Co-occurrence analysis and knowledge graphs for suicide risk prediction

R/Medicine 2025
Software Development
Healthcare
Explore how R packages nlpembeds and kgraph revolutionize mental health diagnostics with NLP.
Author

R Consortium

Published

June 10, 2025

1 Unraveling the Complexities of Mental Health Diagnosis with R: nlpembeds and kgraph

In the ever-evolving landscape of mental health research, the integration of technology and data analytics has opened new horizons for understanding and diagnosing complex mental health disorders. At the forefront of this intersection is Thomas Charlon from Harvard Medical School, whose recent presentation at R/Medicine 2025 highlighted groundbreaking tools designed to tackle the intricacies of mental health diagnosis. These tools, encapsulated in the open-source R packages nlpembeds and kgraph, provide a novel approach to processing and analyzing electronic health records (EHR), especially unstructured text data such as clinician notes.

1.1 The Challenge of Mental Health Diagnosis

Mental health disorders are notoriously complex, characterized by overlapping symptoms and subtle variations that can be difficult to discern through traditional diagnostic methods. Current diagnostic frameworks often fail to capture the full spectrum and gradients of these disorders, leading to underdiagnoses or misdiagnoses.

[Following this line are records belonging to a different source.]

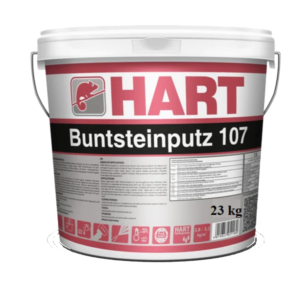 DaugiauHART Buntsteinputz 107 – dekoratyvinis mozaikinis tinkas be tirpiklių, atsparus drėgmei, šarmams ir teršalams. Naudojamas cokoliams ir fasadams, ypač šiltinimo sistemose. Ekologiškas, bekvapis, difuziškas, su vidutinio garų pralaidumo ir žemos vandens įgeriamumo klasėmis.
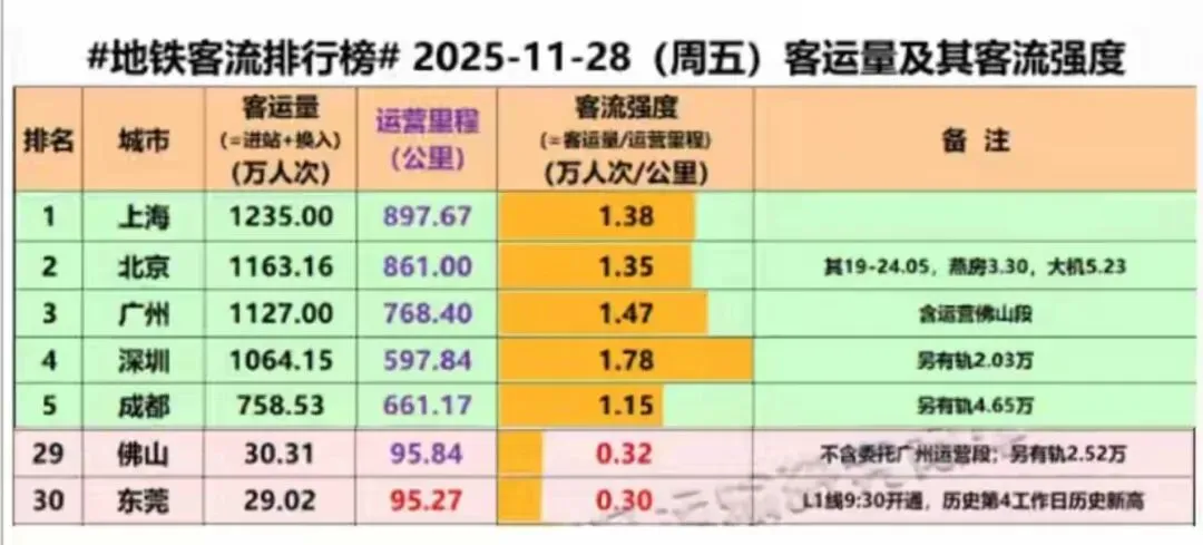 2025年深圳地铁客流32.9亿,广州33.2亿,日均客流只差10万人,随着更多新线路的开通,反超只是时间问题。
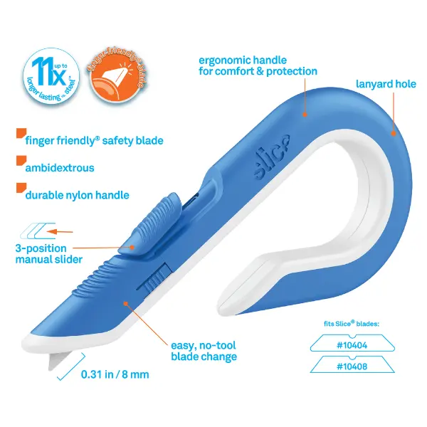 5. Slice Box Cutter - Sky Blue with Hook-shaped Handle & Retractable Finger-Friendly Ceramic Blade for Safer Package Opening
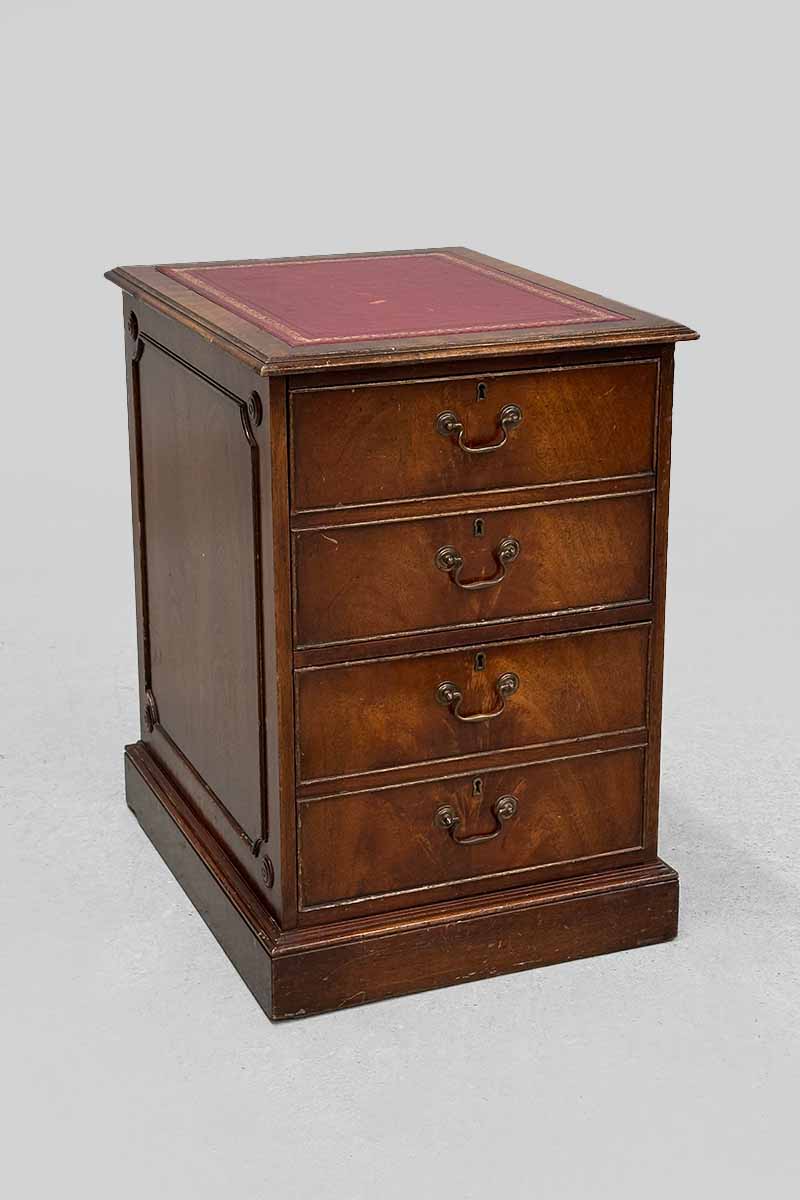 Repro Mahogany 2 Drawer Filing Cabinet with Red Leather Top

This is where Natural Language Processing (NLP) comes into play, offering new opportunities to enhance diagnostic accuracy by leveraging the rich, unstructured data found in clinician notes.

1.2 The Role of CELEHS and the CSRP Project

Charlon’s work is anchored in the CELEHS laboratory at Harvard, which is part of the Center for Suicide Research and Prevention (CSRP) project led by Massachusetts General Hospital. This initiative aims to develop tools that help clinicians assess suicide risk more accurately. A significant challenge addressed by the project is the limitations of the International Classification of Diseases (ICD) in identifying suicide attempts, which often results in underestimations of their prevalence.

1.3 Two-Pronged Approach: Survival Models and NLP Techniques

The CELEHS team’s contribution to the CSRP project is twofold. First, they focus on developing robust survival models on codified data that can be transferred between institutions like MGH and Cambridge Health Alliance. Second, they leverage advanced NLP techniques, including name-entity recognition, co-occurrence analysis, and knowledge graphs, to extract deeper insights from clinician notes.

Charlon’s presentation underscored the analysis of cohorts comprising approximately 5,000 teenage patients admitted to psychiatric departments. This analysis is pivotal in understanding the nuances of mental health disorders among adolescents, a demographic that is particularly vulnerable to mental health challenges.

1.4 Introducing nlpembeds and kgraph

The tools developed by Charlon and his team, nlpembeds and kgraph, are both available on CRAN, the comprehensive R archive network. These packages were introduced in Charlon’s previous talk at R/Medicine 2024, where he discussed “Word embeddings in mental health.” The methods underlying these packages enable the efficient analysis of large volumes of EHR data, both codified and unstructured.

1.4.1 nlpembeds: Harnessing the Power of NLP

The nlpembeds package focuses on transforming unstructured text data into structured insights. By utilizing techniques like word embeddings, which are akin to the Word2Vec algorithm, the package allows researchers to analyze the relationships between different medical concepts as documented in clinician notes. This transformation helps in identifying patterns and correlations that might not be evident in codified data alone.

1.4.2 kgraph: Visualizing Complex Data Relationships

Complementing nlpembeds, the kgraph package offers powerful visualization capabilities for the data relationships uncovered through NLP analysis. By constructing knowledge graphs, researchers can visually explore the connections between various medical concepts, enhancing their ability to interpret complex data sets. This is particularly useful in mental health research, where understanding the interplay between different symptoms and diagnoses is crucial.

1.5 Real-World Applications and Insights

Charlon shared compelling examples of how these tools can be applied in real-world settings. One notable case involved the interpretation of acetaminophen’s role in predicting suicide attempts. Initially perceived as a spurious correlation, further analysis using NLP techniques revealed its association with overdose and intoxication in clinician notes, suggesting a genuine predictive value.

Such insights underscore the importance of considering both codified and unstructured data in mental health research. By integrating these two data types, the tools developed by Charlon and his team provide a more comprehensive view of patient health, enabling more accurate risk assessments and ultimately, better patient outcomes.

1.6 Conclusion

Thomas Charlon’s work demonstrates the power of R and open-source tools in unraveling the complexities of mental health diagnosis. The nlpembeds and kgraph packages are not only a testament to the potential of NLP in healthcare but also a call to the R community to continue pushing the boundaries of what is possible with data analytics.